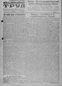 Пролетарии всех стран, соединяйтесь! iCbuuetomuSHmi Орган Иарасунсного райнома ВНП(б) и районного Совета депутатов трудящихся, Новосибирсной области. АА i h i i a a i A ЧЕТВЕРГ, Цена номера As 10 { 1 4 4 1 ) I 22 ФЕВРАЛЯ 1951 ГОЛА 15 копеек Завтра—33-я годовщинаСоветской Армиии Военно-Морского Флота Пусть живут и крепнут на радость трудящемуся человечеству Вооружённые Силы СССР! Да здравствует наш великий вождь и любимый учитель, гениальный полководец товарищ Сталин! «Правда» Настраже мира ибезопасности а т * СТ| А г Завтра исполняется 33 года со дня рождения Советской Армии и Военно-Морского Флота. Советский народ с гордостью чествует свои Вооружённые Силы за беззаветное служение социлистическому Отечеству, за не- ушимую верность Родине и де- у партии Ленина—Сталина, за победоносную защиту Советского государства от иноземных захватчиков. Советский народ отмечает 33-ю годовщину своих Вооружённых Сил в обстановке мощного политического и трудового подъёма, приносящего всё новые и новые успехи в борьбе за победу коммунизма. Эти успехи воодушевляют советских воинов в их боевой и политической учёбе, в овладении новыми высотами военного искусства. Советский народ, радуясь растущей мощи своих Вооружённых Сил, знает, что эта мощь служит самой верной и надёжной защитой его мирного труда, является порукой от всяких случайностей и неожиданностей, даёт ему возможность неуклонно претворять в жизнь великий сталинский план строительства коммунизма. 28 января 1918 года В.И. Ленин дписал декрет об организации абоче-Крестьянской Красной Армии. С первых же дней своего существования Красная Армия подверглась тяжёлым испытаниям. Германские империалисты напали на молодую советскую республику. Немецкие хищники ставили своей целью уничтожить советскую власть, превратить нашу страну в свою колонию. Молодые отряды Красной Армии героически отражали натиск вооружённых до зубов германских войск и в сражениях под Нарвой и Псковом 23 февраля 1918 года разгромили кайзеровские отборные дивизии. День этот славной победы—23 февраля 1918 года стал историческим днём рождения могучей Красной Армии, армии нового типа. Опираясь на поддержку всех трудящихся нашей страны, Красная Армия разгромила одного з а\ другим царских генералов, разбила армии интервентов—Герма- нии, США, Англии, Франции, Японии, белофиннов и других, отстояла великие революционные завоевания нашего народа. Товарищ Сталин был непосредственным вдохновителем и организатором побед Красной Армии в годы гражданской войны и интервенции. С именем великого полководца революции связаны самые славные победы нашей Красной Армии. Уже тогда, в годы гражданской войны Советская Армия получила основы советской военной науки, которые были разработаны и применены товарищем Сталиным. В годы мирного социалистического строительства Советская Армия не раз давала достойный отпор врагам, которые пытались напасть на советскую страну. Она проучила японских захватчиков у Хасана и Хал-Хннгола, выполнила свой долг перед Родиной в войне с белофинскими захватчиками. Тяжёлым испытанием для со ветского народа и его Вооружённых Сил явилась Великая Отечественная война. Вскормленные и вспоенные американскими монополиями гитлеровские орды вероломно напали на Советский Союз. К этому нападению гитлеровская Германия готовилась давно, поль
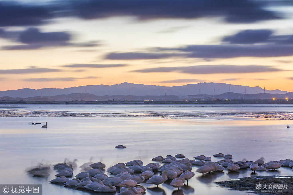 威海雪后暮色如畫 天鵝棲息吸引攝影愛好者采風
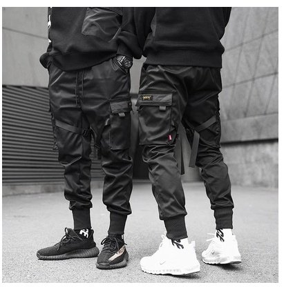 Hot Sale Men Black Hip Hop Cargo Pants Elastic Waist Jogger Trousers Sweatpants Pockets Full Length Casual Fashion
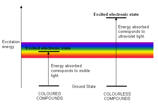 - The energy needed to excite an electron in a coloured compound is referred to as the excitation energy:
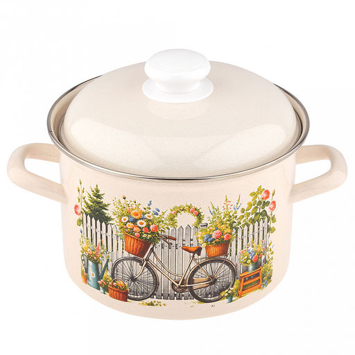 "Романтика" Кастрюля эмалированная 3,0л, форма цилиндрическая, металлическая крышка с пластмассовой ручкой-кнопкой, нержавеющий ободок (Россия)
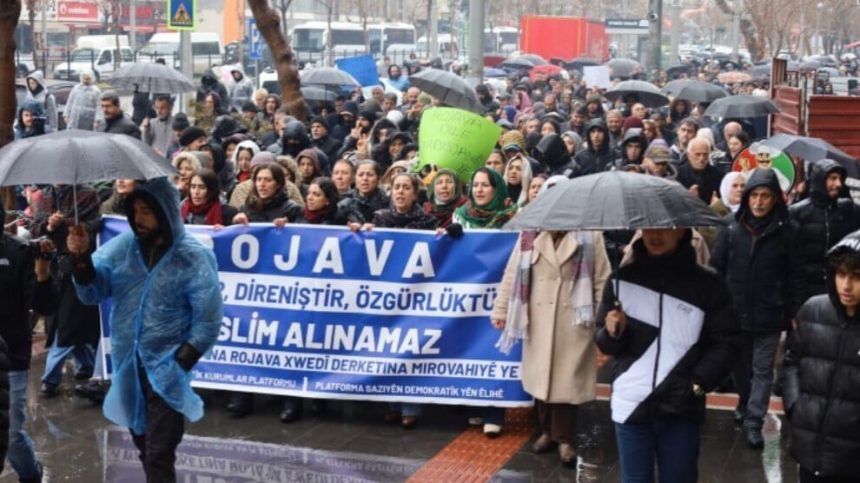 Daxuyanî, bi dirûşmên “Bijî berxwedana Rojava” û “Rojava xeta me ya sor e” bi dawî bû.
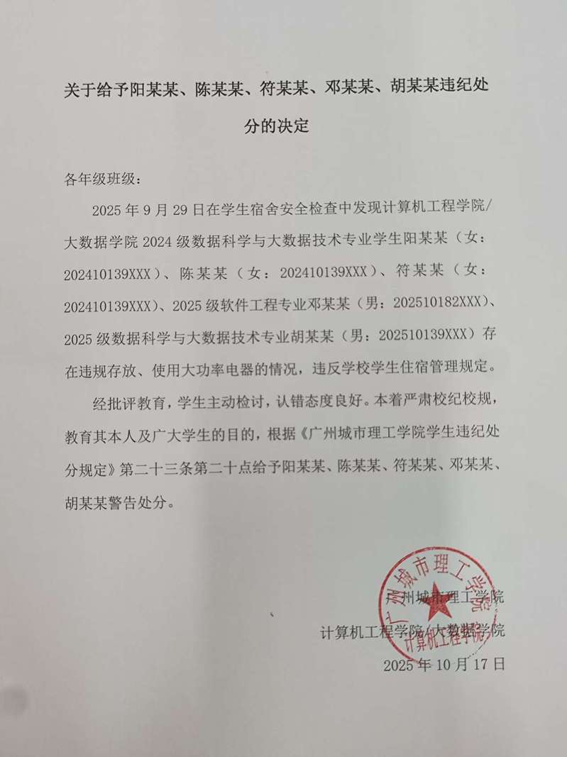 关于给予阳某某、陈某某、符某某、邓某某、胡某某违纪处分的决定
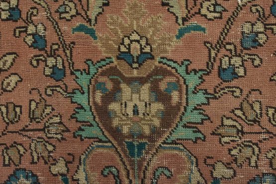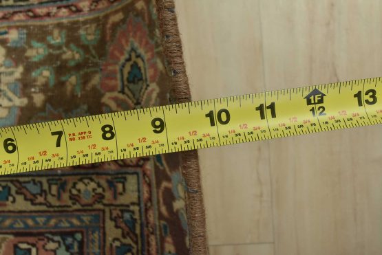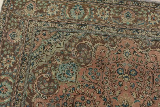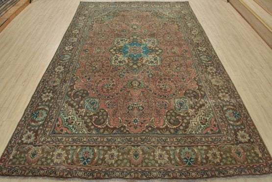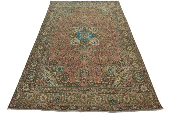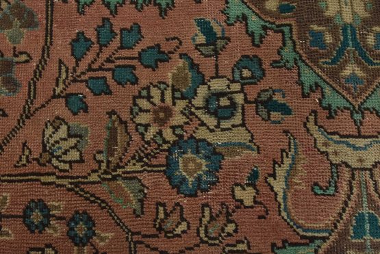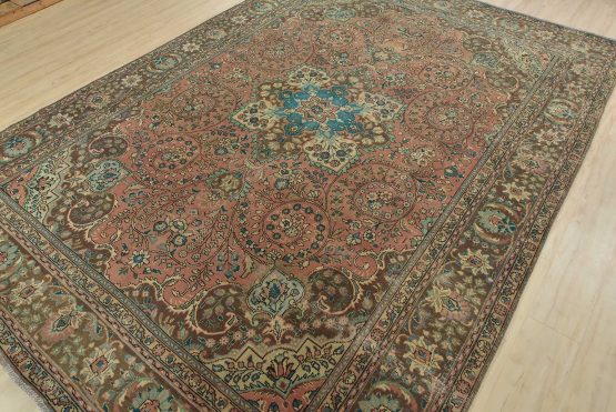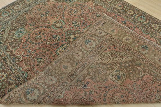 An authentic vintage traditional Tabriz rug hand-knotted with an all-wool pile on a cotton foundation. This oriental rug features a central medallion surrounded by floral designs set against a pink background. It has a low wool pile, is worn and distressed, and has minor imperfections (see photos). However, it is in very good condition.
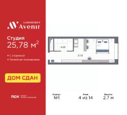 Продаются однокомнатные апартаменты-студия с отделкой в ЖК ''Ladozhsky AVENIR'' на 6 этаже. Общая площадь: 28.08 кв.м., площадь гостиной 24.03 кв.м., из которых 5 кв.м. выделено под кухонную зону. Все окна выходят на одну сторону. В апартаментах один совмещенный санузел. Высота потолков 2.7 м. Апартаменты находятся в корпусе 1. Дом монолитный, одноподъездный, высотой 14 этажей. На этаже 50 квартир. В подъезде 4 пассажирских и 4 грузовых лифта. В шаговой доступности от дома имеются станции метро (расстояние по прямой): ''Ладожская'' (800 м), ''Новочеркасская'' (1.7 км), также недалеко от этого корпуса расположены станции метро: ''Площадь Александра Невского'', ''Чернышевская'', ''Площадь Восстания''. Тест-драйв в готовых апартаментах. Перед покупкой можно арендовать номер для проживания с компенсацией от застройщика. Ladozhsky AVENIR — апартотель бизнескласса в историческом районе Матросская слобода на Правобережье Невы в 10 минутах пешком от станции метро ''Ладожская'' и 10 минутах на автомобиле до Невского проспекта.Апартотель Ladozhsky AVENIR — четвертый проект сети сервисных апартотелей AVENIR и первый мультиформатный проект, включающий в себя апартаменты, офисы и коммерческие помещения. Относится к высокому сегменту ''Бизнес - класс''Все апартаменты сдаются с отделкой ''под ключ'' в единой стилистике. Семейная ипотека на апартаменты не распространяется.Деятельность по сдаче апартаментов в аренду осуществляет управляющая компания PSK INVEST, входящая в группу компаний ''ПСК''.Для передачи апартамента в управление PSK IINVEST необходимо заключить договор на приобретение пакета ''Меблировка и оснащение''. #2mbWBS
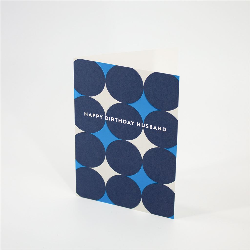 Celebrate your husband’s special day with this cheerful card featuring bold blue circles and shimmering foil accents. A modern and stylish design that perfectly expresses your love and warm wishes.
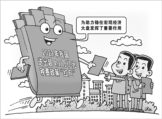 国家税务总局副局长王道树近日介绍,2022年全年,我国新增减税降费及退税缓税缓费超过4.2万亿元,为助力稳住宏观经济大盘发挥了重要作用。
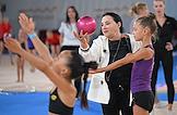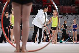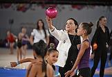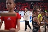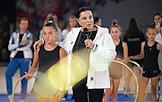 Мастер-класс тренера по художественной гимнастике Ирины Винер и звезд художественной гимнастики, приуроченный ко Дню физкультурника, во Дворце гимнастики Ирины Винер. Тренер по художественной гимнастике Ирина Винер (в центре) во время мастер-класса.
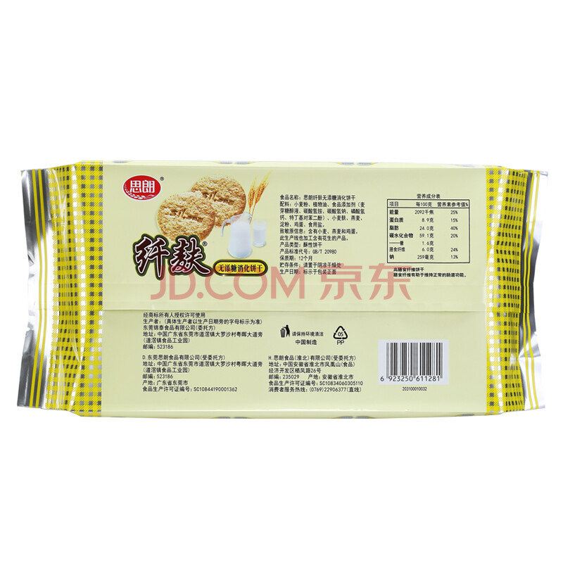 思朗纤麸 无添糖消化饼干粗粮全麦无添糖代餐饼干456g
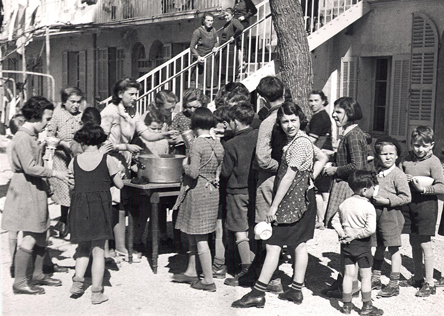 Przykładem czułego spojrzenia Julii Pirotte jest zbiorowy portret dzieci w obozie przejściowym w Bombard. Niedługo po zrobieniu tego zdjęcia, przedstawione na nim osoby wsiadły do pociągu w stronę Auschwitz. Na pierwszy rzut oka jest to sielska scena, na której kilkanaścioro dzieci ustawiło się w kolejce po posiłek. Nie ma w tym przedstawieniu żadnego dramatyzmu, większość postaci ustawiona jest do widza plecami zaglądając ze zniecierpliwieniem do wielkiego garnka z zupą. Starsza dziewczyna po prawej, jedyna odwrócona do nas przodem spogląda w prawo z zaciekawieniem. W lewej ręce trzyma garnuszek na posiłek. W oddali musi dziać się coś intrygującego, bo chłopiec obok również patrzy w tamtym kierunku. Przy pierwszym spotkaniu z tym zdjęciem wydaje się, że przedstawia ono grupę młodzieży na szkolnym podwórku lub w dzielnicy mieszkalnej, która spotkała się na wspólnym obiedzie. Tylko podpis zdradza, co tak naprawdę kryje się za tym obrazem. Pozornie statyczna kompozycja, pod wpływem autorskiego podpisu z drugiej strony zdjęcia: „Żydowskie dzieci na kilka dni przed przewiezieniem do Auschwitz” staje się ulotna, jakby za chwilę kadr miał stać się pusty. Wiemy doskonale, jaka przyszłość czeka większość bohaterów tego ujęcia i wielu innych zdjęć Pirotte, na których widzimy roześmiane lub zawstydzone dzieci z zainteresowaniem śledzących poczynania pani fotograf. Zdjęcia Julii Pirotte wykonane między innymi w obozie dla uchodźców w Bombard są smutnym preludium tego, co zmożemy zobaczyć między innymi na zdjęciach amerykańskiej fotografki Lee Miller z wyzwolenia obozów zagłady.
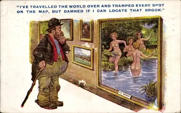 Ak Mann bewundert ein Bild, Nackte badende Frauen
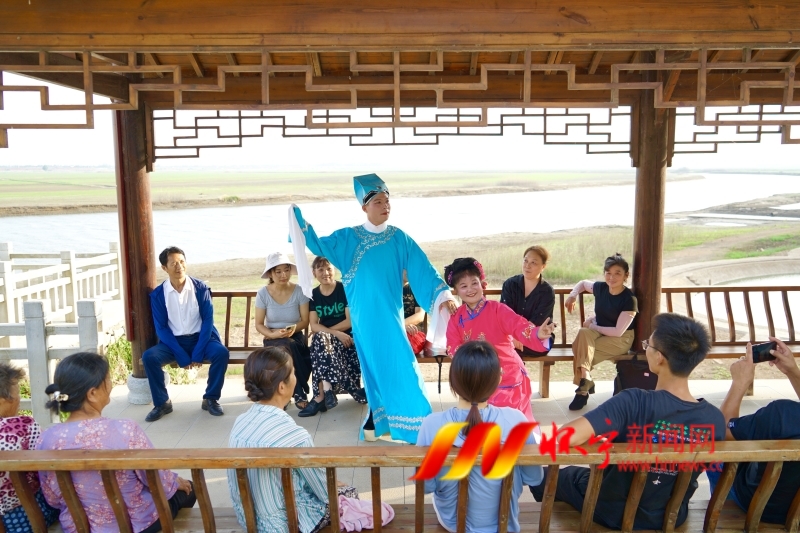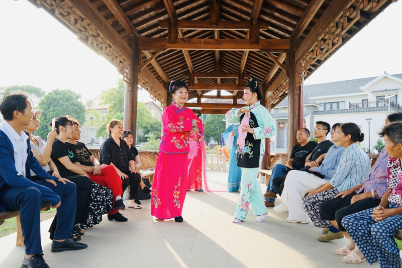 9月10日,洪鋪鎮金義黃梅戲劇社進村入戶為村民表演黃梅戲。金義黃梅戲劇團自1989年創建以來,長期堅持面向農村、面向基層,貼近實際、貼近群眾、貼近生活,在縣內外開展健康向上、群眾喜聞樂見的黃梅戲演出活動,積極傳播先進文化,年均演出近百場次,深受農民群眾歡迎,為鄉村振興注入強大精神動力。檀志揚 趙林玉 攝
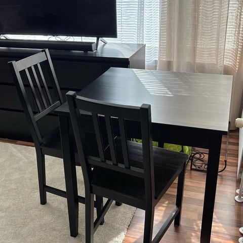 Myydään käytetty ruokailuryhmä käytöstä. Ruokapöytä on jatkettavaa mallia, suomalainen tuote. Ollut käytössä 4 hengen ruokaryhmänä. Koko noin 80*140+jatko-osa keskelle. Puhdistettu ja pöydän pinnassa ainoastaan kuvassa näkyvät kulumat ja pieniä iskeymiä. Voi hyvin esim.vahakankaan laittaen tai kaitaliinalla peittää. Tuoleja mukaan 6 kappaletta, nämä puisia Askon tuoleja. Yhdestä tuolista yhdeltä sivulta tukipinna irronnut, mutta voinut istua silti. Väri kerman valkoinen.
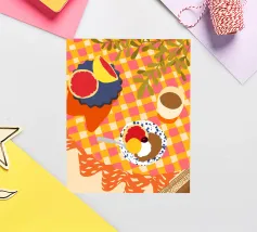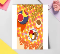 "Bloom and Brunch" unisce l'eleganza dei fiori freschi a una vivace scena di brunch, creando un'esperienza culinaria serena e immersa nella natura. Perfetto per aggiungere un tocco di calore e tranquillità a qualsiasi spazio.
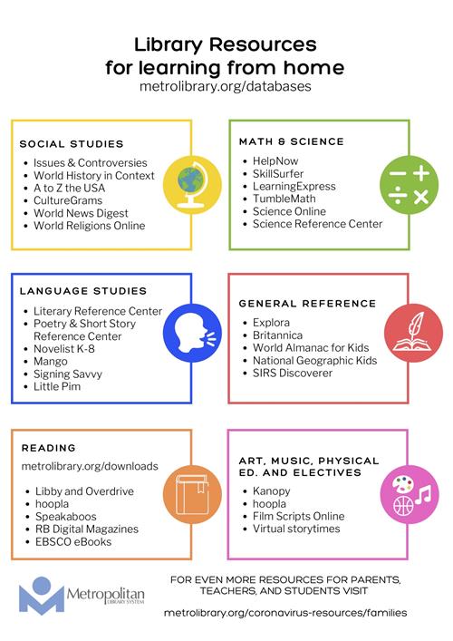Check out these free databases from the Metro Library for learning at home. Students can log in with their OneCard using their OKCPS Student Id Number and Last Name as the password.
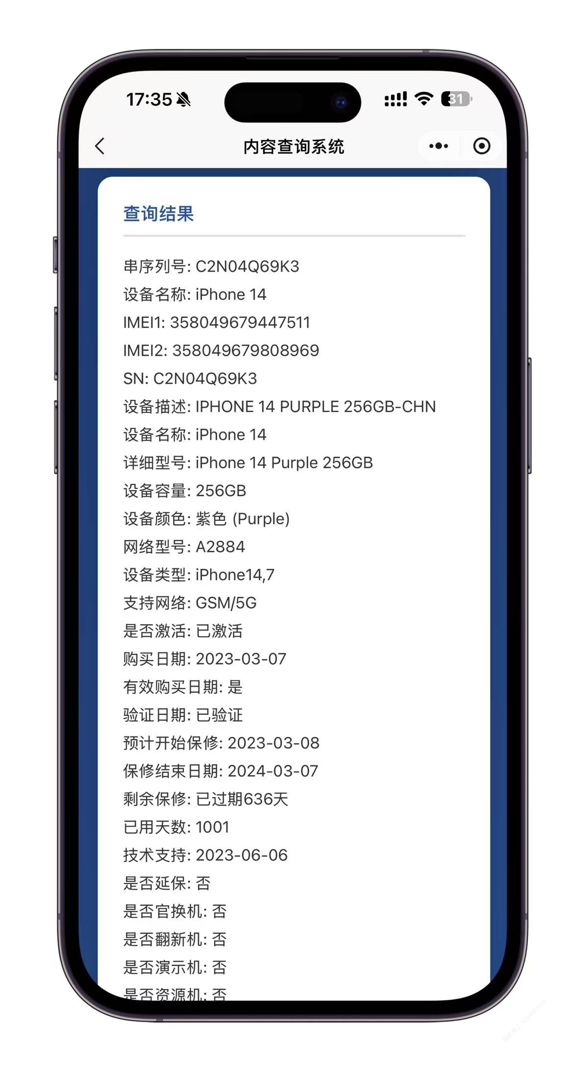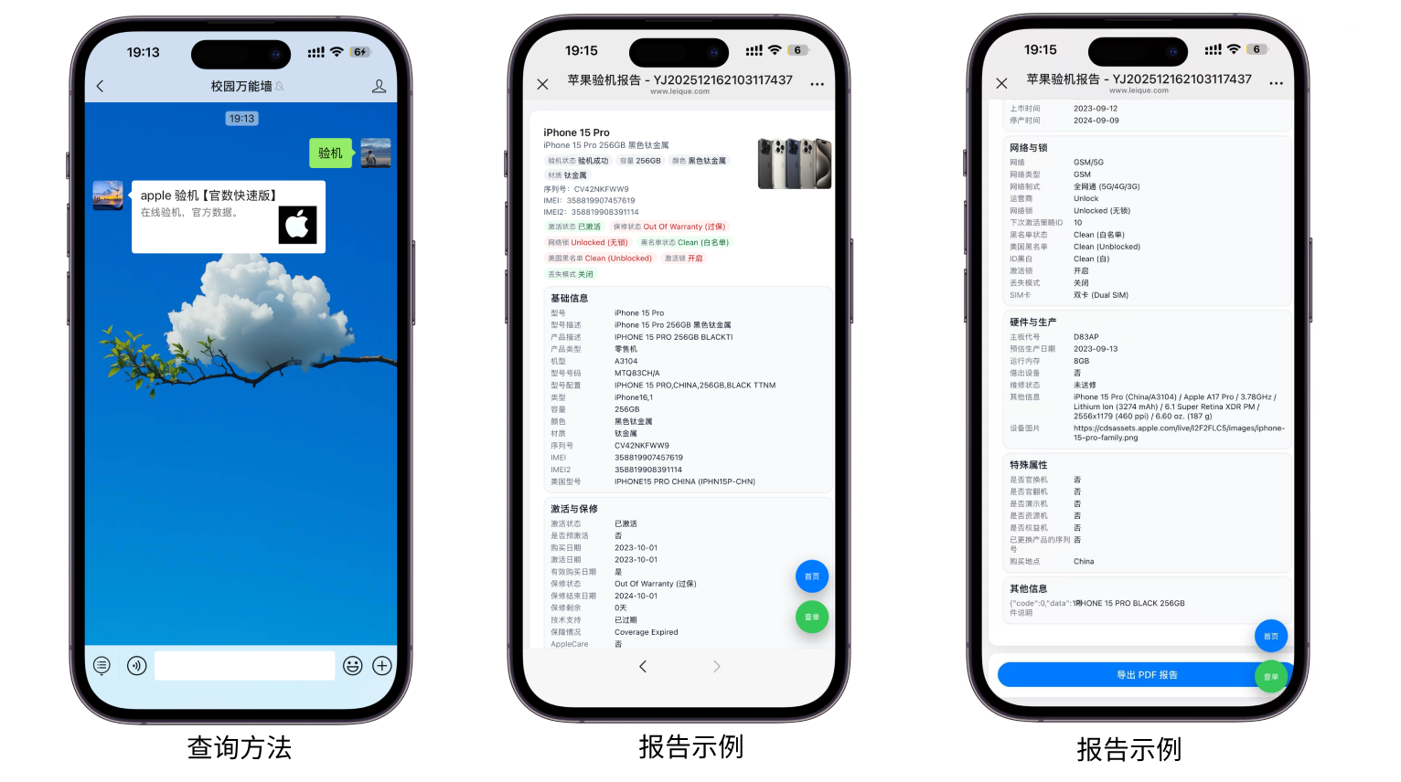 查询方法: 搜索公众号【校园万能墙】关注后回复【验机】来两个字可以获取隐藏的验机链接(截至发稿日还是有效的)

------------------------------------------------------------

_WHAT IS NEEDED:_
Quote the lines above exactly, starting with the one that has "威海雪后暮色如畫 天鵝棲息吸引攝影愛好者采風" and ending with the one that has "An authentic vintage"; drop the pictures and include nothing else.

_TASK RESULT:_
 威海雪后暮色如畫 天鵝棲息吸引攝影愛好者采風
 Hot Sale Men Black Hip Hop Cargo Pants Elastic Waist Jogger Trousers Sweatpants Pockets Full Length Casual Fashion
 - The energy needed to excite an electron in a coloured compound is referred to as the excitation energy:
 "Романтика" Кастрюля эмалированная 3,0л, форма цилиндрическая, металлическая крышка с пластмассовой ручкой-кнопкой, нержавеющий ободок (Россия)
 Daxuyanî, bi dirûşmên “Bijî berxwedana Rojava” û “Rojava xeta me ya sor e” bi dawî bû.
 关于给予阳某某、陈某某、符某某、邓某某、胡某某违纪处分的决定
 An authentic vintage traditional Tabriz rug hand-knotted with an all-wool pile on a cotton foundation. This oriental rug features a central medallion surrounded by floral designs set against a pink background. It has a low wool pile, is worn and distressed, and has minor imperfections (see photos). However, it is in very good condition.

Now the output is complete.